[Date Prev][Date Next] [Chronological] [Thread] [Top]

Re: RE : Add flag to UTF8normalize and pals to allow accent stripping



On Mon, Feb 25, 2002 at 03:24:56PM +0100, John Hughes wrote:
> > Where did you find the ucisnonspacing(), has that recently been added
> to the
> > ucdata lib? I can't find it anywhere.
> 
> ldap/libraries/liblunicode/ucdata/ucdata.h

Ah of course, it's a macro. I grepped in the wrong place.

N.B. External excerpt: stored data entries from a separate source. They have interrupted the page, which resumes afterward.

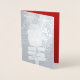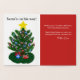 Tarjeta de felicitación para Navidades bonitos con la parte delantera de la tarjeta con Relieve metalizado elegante de plata imagen decorativa de Santa Claus con el signo del Polo Norte. Dentro de la tarjeta está la redacción, Santa está de camino escrito encima de una imagen a todo color de los antiguos adornos de árbol de Navidad coloridos y latas de caramelos, y estrella amarilla encima del árbol. Los presentes están debajo del árbol en una falda verde de árbol con bayas huecas. Un mensaje especial se escribe en el lado derecho de la tarjeta con texto blanco sobre un fondo rojo. Deje la redacción tal como está, o elimine e inserte su propio mensaje especial. Back of card tiene Feliz Navidad escrito en Relieve metalizado de plata. Fotografía original, ilustración, tarjeta versus derechos reservados © TamiraZDesigns.
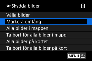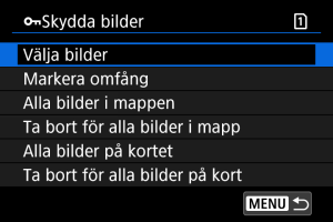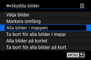 : Skydda bilder] kommer alla bilder i mappen eller på kortet att skyddas.
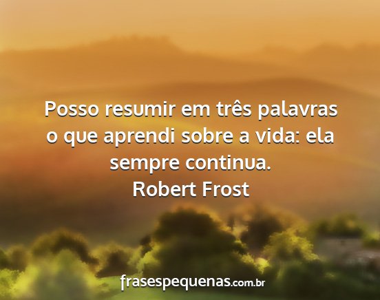Posso resumir em três palavras o que aprendi sobre a vida: ela sempre continua.
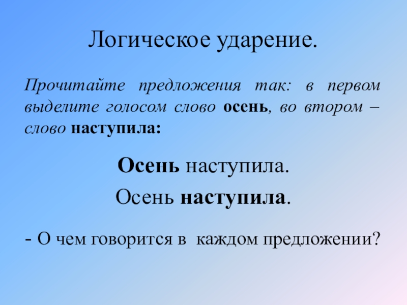 Прочитайте предложения так: в первом выделите голосом слово осень,
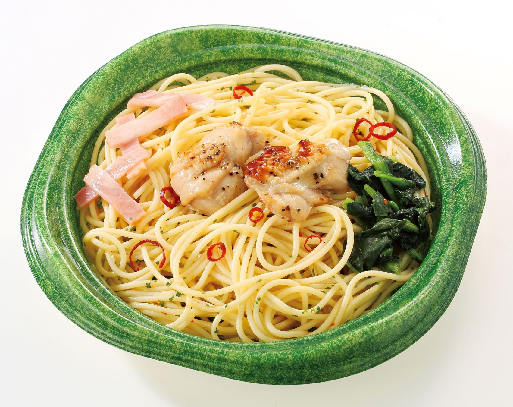 定番のペペロンチーノに香ばしく焼き上げたグリルチキンをトッピングすることで、食べ応えのある商品に仕上げました。
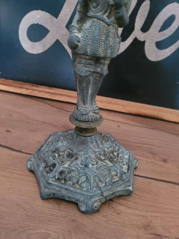 Zo uit het kasteel uit Frankrijk deze zeer oude kaarsenhouder in de vorm van een ridder.
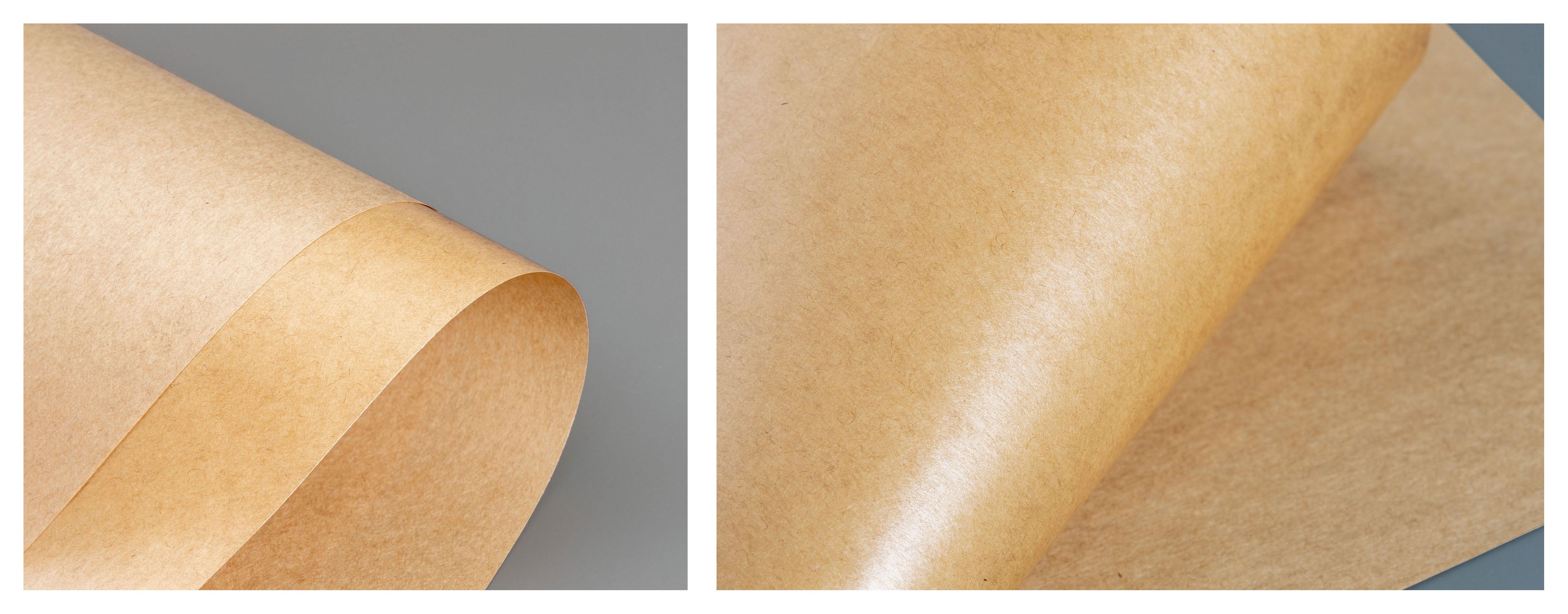 新製品「ペーパック」は、プラスチックフィルム不使用ながらも熱で融着可能なヒートシール性を持つ、水と油に強い紙製の包装資材です。

> > Maybe we should only do it with those specific characters that some of
> > you want to treat as equivalent?
> 
> To be realy correct I guess it should be language specific.
> 
> For example in French most people would expect Noël = Noel,
> but Germans might like ö = oe.

To cater for French, we could replace ë, é, è (what others?) with just e
and it wouldn't affect the German umlauts at all. In Norwegian and some
other languages the accent is usually ignored as well. Say a word like
café is sometimes written as cafe. And one can use accents optionally in
some Norwegian words. So, an ugly hack could be to have a table for
mappings that people can modify and enable at compile time. It is ugly
though. To do it correctly we should use language tags and the collation
table for the given language I think.

BTW, we should also do case insensitive comparisons differently. And that
might also depend on language tags/locales.

Stig